Sinister? I see how people could think that it's unwise, silly, unnecessary, inconsistent, etc. But how can it possibly be sinister?

That's an actual question, not just snark...I struggle to find any set of fact under which the proposal could be considered sinister.

Posted by: casual reader | Dec 21, 2010 12:59:52 PM

Steve asks: "Should we also enact rules requiring Members to read the legislation they enact, or to bar them from voting yea on bills they believe to be unconstitutional? I'm all for folks knowing what their authority is (and what their responsibilities are), but why stop (or start) here?"

As with all questions of where you draw the line, I think you need to take each issue on the merits.

1) I don't think we should require members to read the bill because the requirement is vague, would be tremendously time-consuming, and unlikely to be of any actual benefit. See my post on the matter here:
http://volokh.com/archives/archive_2009_09_20-2009_09_26.shtml#1253738409

2) The question of unconstitutionality is interesting, but I don't know how it could be enforced: How do you know what a legislator really thinks deep down?

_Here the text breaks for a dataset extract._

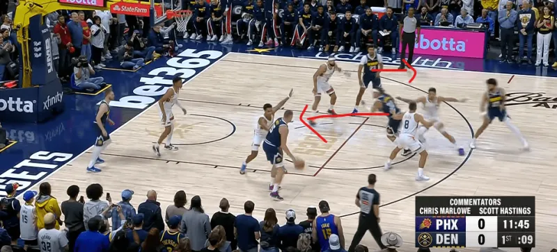 這個戰(zhàn)術有很多個選擇,約基奇擔任發(fā)牌者再適合不過了。

3) In contrast, the requirement of sourcing the legislation in an enumerated power is very easy to satisfy, is quite clear, and serves as a good reminder that aids the political safeguards of federalism.

Posted by: Orin Kerr | Dec 20, 2010 11:23:28 PM

On the schoolyard, the game was 'make 'em say 'Uncle.' Now, they're all grown up, and the game is 'make 'em say Commerce.'

Posted by: Jon | Dec 20, 2010 10:34:42 PM

WPB,

I am delighted to have unwittingly been of assistance, and look forward to reading your article.

Adam

Posted by: Adam Scales | Dec 20, 2010 6:03:32 PM

I hope the self-promotion will be excused, but in response to Adam Scales's assertion that "There is no excuse for voting for (or signing) legislation the political actor actually believes to be unconstitutional," may I recommend my forthcoming article, Signing Unconstitutional Laws, which offers an excuse for that very practice?

Posted by: WPB | Dec 20, 2010 5:41:09 PM

Sure, I'm a cynic about whether this will help, but it can't hurt. It's all about focusing the Congressional weasels, not about judicial enforcement. If it's UNDER-inclusive, because of the amendments, then that just means that it should be re-applied at each stage. But that's not a reason not to do it at all.

As for the "read-the-bill" demands, of course those aren't enforceable. But we could try mandated time periods between amendments, committee votes, and floor votes, so that reading is at least POSSIBLE for those members who care to read. Also, shouldn't we poor schmuck citizens, who will live under these laws, have the chance to comment on them, before they are passed at midnight?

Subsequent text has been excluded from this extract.